And the constituency that I had in Congress, Chris, primarily working class men and women, many veterans’ halls, people who really believed strongly in America, served the country themselves or their fathers and grandfathers served, and they support the United States of America. So, I’m in Congress and I’m seeing what actually is going on, and I’m going, wait a minute. I’m not a sucker. And I’m looking at this and I’m saying, no, this is wrong. And then I have to go home and explain my vote. And I had some people who were unhappy because they thought I wasn’t being patriotic enough, and that’s what a congressperson is supposed to do. But the truth is the members of Congress are always under enormous pressure locally from their constituents, from contractors within their constituency, from the mediated environment, and the party. And so, it’s a rare individual, and I’m not doing this to elevate myself, but it’s a rare individual who will go against that, because you risk, at times, you may risk your political career.
Chris Hedges: Well, if you won’t take their money, there’s always someone else who will, and they will throw a lot of that money at a candidate to take you down.
Dennis Kucinich: Well, that’s true no matter if you’re talking about the arms industry, the oil companies, the healthcare industry. There was a congressional candidate in 1972 who ran against a darling of the AMA. And he told the AMA when they came to him as, look, give the other guy the money, because I’m not going to help you. Well they did, and this young congressional candidate lost a close race. That was me, by the way. So, I understand the price that you might have to pay for not going with the crowd. But my feeling is that public office comes and goes. Who are we if we won’t take a stand? Who are any of us if we’re not willing to put it all on the line in any given vote and say, look, this isn’t only what I believe in. This is who I am?

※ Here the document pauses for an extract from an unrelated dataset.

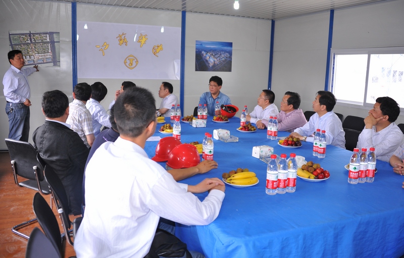6月4日下午,陸金龍董事長一行赴上海公司萬科虹橋萬樹商辦項目進行調研。上海公司第一工程處項目部負責人首先向公司領導介紹了項目的基本概況和工程特色,并匯報了工程施工現狀和時間節點要求。陸董事長表示,該項目是公司與萬科在深圳、北京等地良好合作后在上海市場又一次強強聯手,也是萬科在上海大舉進軍商業地產的又一力作,對建筑形態、能耗控制、綠色建筑標準等方面都有較嚴的指標,公司上下要加強管控力度,提升管理水平,有效控制成本,群策群力,克服困難,努力把該項目做成精品工程。

I’m someone who, I don’t feel I know more than anybody else. I do my homework, Chris. I make sure that any vote that I take is informed, as I did when I led the effort against the war in Iraq. And that’s not the way it goes in Congress. A lot of people are flying by the seat of their pants, or they look at the vote board to see how everyone else is voting, because Congress is a place of tremendous peer pressure. And the votes go right up on this. Most people don’t know this, but, imagine a big gym, and the votes go up on this big wall, okay? The lights go on. Green light for yes, yellow light for, I’m not sure, and red light for no. And everybody can see how everybody else is voting. It helps enforce party discipline and it helps to feed the herd instinct inside the Congress. It’s a lot of pressure there.
Chris Hedges: Let’s talk about the effect of unchecked militarism on our civil society and our democracy.

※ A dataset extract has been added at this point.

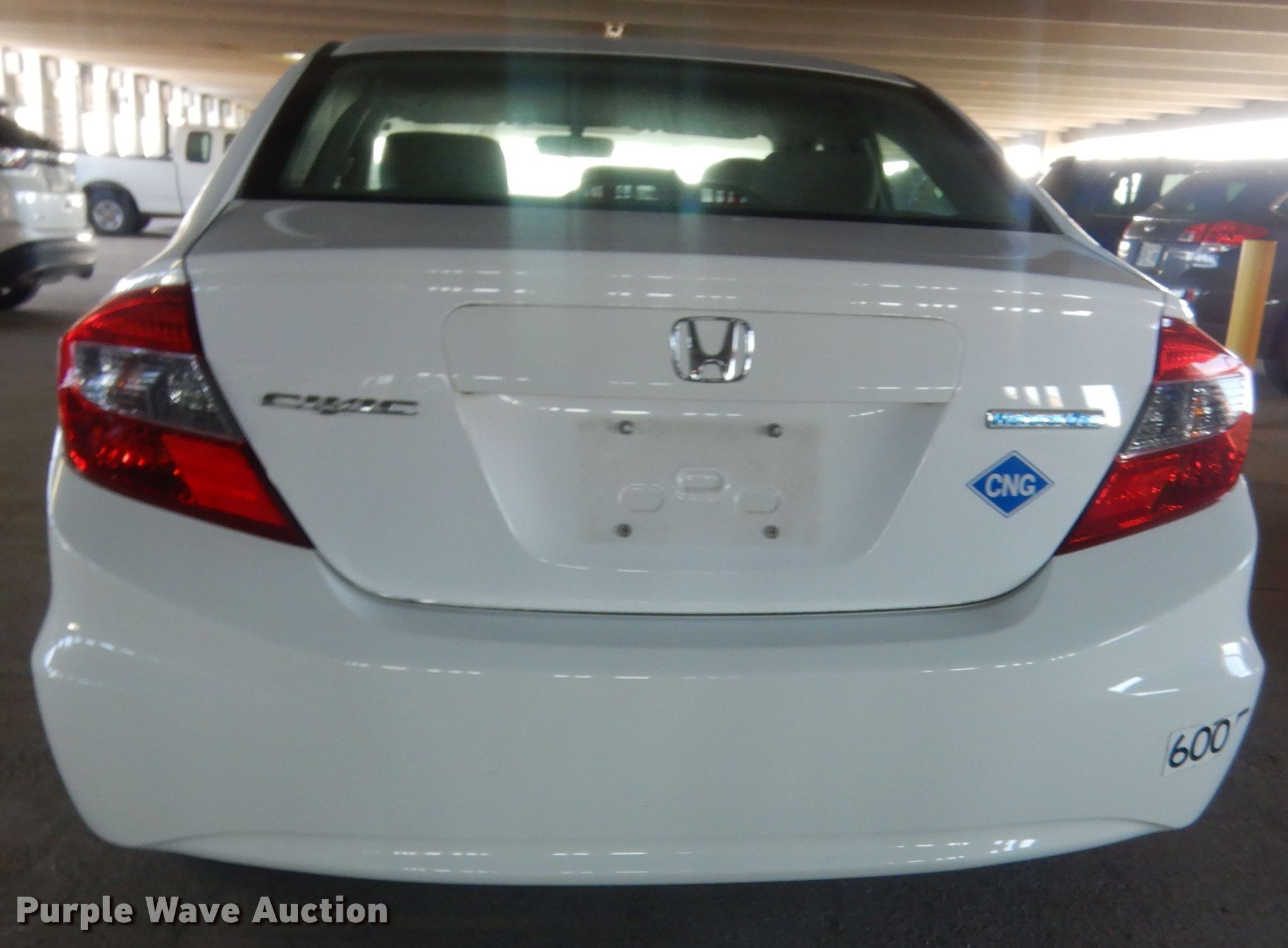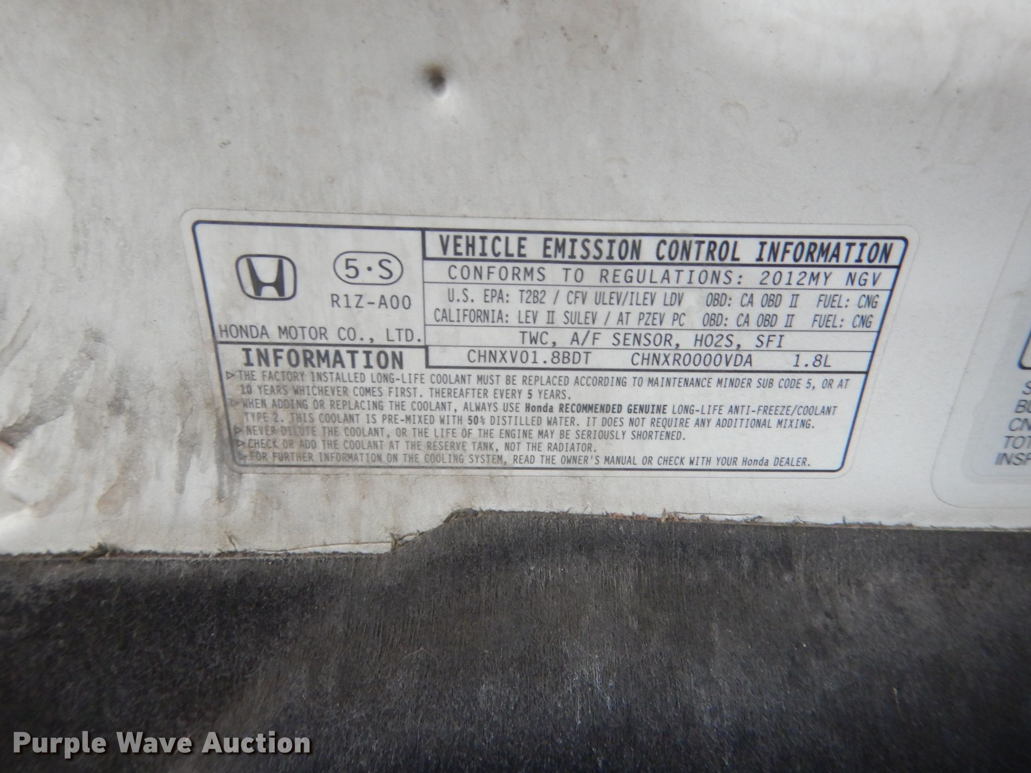 2012 Honda Civic. 52,923 miles on odometer, Unit #: 8005, Sale #: 2209-KP. Engine Displacement: 1.8L L4 SOHC 16V, Cylinders: 4, Fuel type: CNG. Transmission Automatic. Interior AC, Power windows, Power locks, Cruise control. Tires Size: 195/65R15. Notes Decals will be removed prior to auction. Oklahoma title. 19XFB5F5XCE003293. Oklahoma State University. 900 N Portland Ave. Oklahoma City, OK 73107
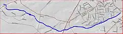 Its source is at 40°24′57″N 74°25′00″W / 40.41583°N 74.41667°W,[1] near the intersection of Cranbury Road and Rues Lane in east central East Brunswick. It crosses Fern Road, then runs through the East Brunswick Community Park and the Ireland Brook County Park. Crossing Dunhams Corner Road and the New Jersey Turnpike, it continues running through the long Ireland Brook County Park. It crosses Fresh Ponds Road and Riva Avenue, and drains into the Farrington Lake, a dammed section of the Lawrence Brook, at 40°25′14″N 74°29′07″W / 40.42056°N 74.48528°W.[1]

Dennis Kucinich: Well, we live in a time where there’s an acceleration of polarized thinking. It’s us versus them, whoever they are. And the government helps to feed that. The government generates perceptions. And people think, well, there must be a reason for the government’s position on this war. The truth of the matter is that we’re in a heavily militarized society driven by greed, lust for profit, and wars are being created just to keep fueling that. It moves right into this idea, this old idea of a manifest destiny. And then you leap into the 21st century where there are still people who believe, as in the Project for the New American Century, that it has to be that America must rule the world, that it is our destiny. I mean, that is such old thinking, but that’s where we are.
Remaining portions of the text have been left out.